DATA UNDER STUDY START
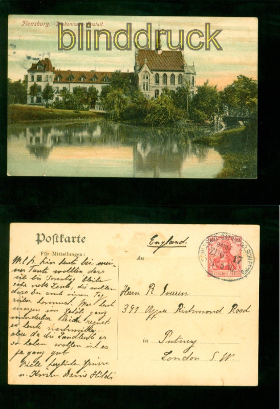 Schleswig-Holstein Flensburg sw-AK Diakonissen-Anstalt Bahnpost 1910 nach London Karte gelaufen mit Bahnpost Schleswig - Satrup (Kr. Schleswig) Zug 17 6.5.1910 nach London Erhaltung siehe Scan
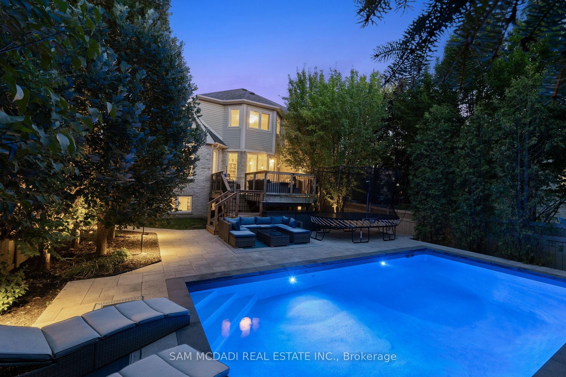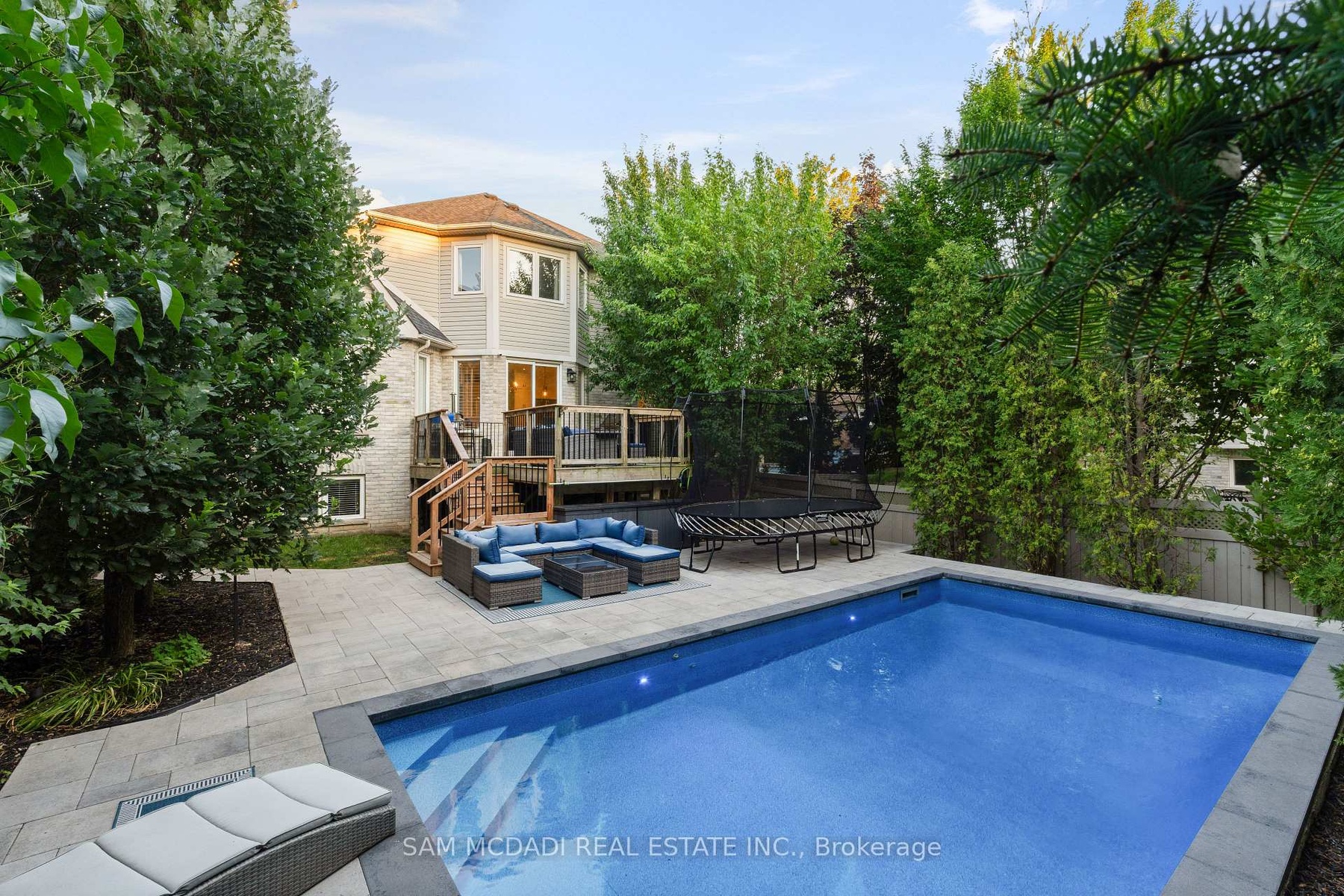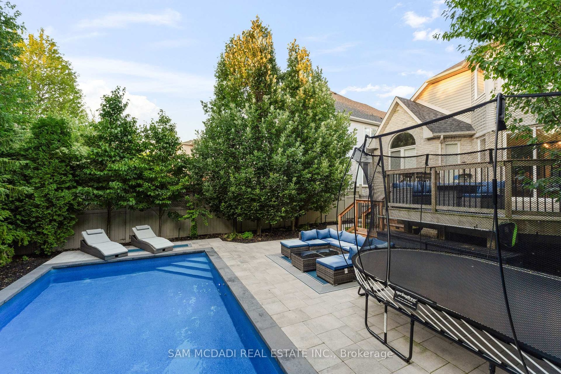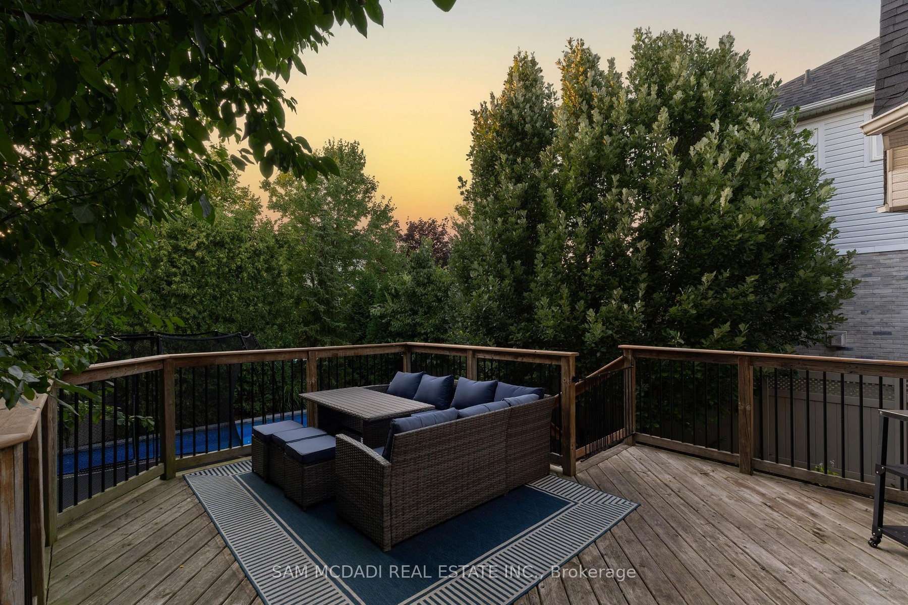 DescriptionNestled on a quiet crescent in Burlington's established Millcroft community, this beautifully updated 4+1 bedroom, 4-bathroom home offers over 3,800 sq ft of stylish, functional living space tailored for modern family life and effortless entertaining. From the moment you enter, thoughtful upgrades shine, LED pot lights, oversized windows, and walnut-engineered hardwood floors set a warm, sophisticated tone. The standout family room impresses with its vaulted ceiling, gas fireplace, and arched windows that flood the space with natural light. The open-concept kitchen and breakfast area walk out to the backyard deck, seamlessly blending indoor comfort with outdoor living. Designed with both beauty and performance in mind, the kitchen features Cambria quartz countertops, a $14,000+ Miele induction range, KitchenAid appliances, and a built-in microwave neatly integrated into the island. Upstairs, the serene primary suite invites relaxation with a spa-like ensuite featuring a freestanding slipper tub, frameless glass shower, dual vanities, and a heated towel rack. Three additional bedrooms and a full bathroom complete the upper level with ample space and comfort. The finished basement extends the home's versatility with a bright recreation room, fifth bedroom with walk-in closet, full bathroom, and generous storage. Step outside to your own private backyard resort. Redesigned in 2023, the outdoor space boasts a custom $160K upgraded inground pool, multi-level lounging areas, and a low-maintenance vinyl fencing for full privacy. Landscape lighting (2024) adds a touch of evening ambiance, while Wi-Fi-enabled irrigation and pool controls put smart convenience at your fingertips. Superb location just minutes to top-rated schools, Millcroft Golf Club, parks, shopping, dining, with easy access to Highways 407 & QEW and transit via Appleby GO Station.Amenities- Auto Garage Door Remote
DATA UNDER STUDY END
DATA UNDER STUDY START
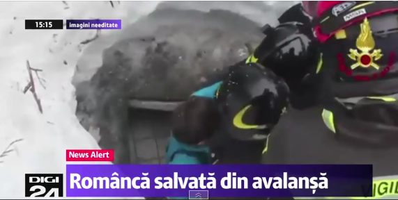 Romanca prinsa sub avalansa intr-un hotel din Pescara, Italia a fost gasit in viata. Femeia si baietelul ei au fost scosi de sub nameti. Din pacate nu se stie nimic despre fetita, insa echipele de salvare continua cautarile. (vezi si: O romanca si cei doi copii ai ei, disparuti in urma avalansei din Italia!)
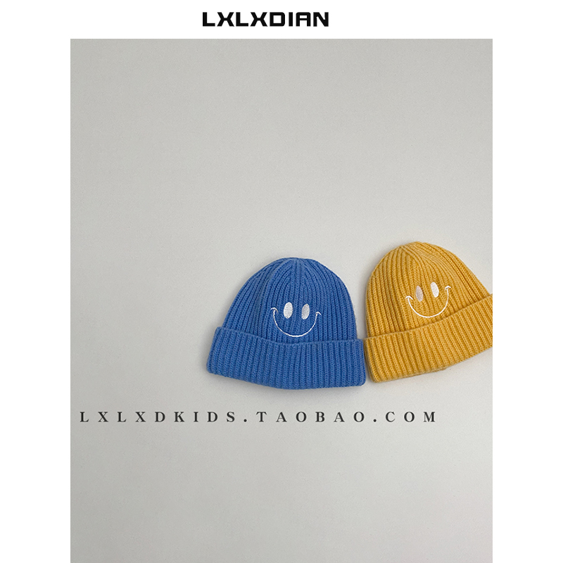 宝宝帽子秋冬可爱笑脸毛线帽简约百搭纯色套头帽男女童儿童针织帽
DATA UNDER STUDY END
• [TASK DIRECTIONS]
Repeat exactly the lines above, from the line that contains "Schleswig-Holstein Flensburg sw-AK" down through the line that contains "DescriptionNestled on a". Include both of those lines and none of the pictures.

• [RESPONSE]
 Schleswig-Holstein Flensburg sw-AK Diakonissen-Anstalt Bahnpost 1910 nach London Karte gelaufen mit Bahnpost Schleswig - Satrup (Kr. Schleswig) Zug 17 6.5.1910 nach London Erhaltung siehe Scan
 DescriptionNestled on a quiet crescent in Burlington's established Millcroft community, this beautifully updated 4+1 bedroom, 4-bathroom home offers over 3,800 sq ft of stylish, functional living space tailored for modern family life and effortless entertaining. From the moment you enter, thoughtful upgrades shine, LED pot lights, oversized windows, and walnut-engineered hardwood floors set a warm, sophisticated tone. The standout family room impresses with its vaulted ceiling, gas fireplace, and arched windows that flood the space with natural light. The open-concept kitchen and breakfast area walk out to the backyard deck, seamlessly blending indoor comfort with outdoor living. Designed with both beauty and performance in mind, the kitchen features Cambria quartz countertops, a $14,000+ Miele induction range, KitchenAid appliances, and a built-in microwave neatly integrated into the island. Upstairs, the serene primary suite invites relaxation with a spa-like ensuite featuring a freestanding slipper tub, frameless glass shower, dual vanities, and a heated towel rack. Three additional bedrooms and a full bathroom complete the upper level with ample space and comfort. The finished basement extends the home's versatility with a bright recreation room, fifth bedroom with walk-in closet, full bathroom, and generous storage. Step outside to your own private backyard resort. Redesigned in 2023, the outdoor space boasts a custom $160K upgraded inground pool, multi-level lounging areas, and a low-maintenance vinyl fencing for full privacy. Landscape lighting (2024) adds a touch of evening ambiance, while Wi-Fi-enabled irrigation and pool controls put smart convenience at your fingertips. Superb location just minutes to top-rated schools, Millcroft Golf Club, parks, shopping, dining, with easy access to Highways 407 & QEW and transit via Appleby GO Station.Amenities- Auto Garage Door Remote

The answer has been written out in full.